The swordsman paused to take bites of bread and stew. Then he sipped his ale and eyed Carin speculatively.
“As you have nothing but rags to ward off autumn’s chill,” he said, “and you travel—by your own admission—on foot and without provisions, I take you for a runaway bondmaid. Undoubtedly you carried off whatever you could steal from your master. But it seems your thievery has proved inadequate for your journey. Starvation would have found you, if I had not.”
Hold on there, Carin protested, but only inwardly. She wanted to say that she had borrowed—not stolen—from her old master. To survive, however, in the months since leaving him, she’d played the thief time and again. Remembering her plan to ransack Myra’s kitchen, she kept still and let the accusation stand.

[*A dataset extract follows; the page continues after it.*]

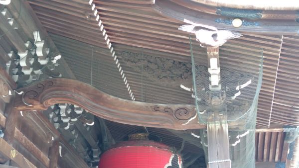 向拝柱の上では、手挟が軒裏を受けています。手挟は菊の籠彫り。

Now it’s coming, she thought. He’d demand to know where—and to whom—she belon
ged. How much did she dare reveal?
The swordsman’s next question, however, was not what Carin expected.

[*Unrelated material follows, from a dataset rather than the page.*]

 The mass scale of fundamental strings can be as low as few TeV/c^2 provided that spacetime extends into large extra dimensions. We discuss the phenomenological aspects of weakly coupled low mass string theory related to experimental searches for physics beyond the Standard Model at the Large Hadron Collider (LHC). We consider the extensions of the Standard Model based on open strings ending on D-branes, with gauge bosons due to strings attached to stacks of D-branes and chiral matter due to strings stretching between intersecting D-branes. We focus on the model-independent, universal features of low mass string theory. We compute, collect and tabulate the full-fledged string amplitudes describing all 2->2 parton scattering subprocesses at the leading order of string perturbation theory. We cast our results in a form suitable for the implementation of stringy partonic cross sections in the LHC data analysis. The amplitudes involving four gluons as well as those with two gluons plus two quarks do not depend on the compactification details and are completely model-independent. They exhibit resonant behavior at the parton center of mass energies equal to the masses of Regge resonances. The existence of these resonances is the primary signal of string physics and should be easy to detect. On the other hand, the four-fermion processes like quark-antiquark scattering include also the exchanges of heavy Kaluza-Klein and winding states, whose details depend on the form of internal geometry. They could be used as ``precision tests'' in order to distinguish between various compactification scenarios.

“Do you know your letters?”
She stared at him blankly. “Sir?”
“It is a simple-enough question,” he said, raising a bite of stew to his lips. “Can you read?”

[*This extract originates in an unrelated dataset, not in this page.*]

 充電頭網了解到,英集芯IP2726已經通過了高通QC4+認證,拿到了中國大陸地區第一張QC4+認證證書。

She considered, then shrugged. “I’m not sure.”
He scoffed. “The question does not lend itself to much uncertainty. Can you, or can you not?”
“The people I—” Carin broke off. Slaved for, she’d started to say. But why confirm his suspicions? “The people I used to live with,” she amended, “owned one book. I learned to read it. I don’t know if I can read any other books. Do you have one for me to look at?”
“I do. None here can comprehend it. Since you are from elsewhere, perhaps you can make it out.”
To his housekeeper he said, “Myra, go to the library and open the bottom drawer of my desk. Bring me the book you find there.”
“I obey, master, with as much haste as these old legs can make,” Myra responded. She bustled off into the passageway that connected the kitchen to the house. Her footsteps trailed away on the ground floor past the foot of the staircase.
The hairs rose along Carin’s arms. Breathe, she told herself. You’ve been doing all right with him. Don’t lose it now. But where was he going with this “Can you read” business?
Sitting alone with the swordsman, Carin felt her nerve-ends prickle as if he were again holding a blade to her throat. She had to lock her hands around her now-empty tea mug to keep from clutching her neck—a defensive gesture that would only tell him how vulnerable he made her feel.
But a man with a sword was an understandable threat … not like his second, bare-handed attack, when he’d knocked Carin senseless. Why could she remember the cruel hurt, but no fist-to-flesh contact? Sitting at the mirror this morning while Myra combed her hair, Carin had had ample time to examine her face for cuts or bruises. There were none. If her captor had hit her hard enough to put her out cold for the night—and wasn’t that what he had done?—she should be wearing his mark now.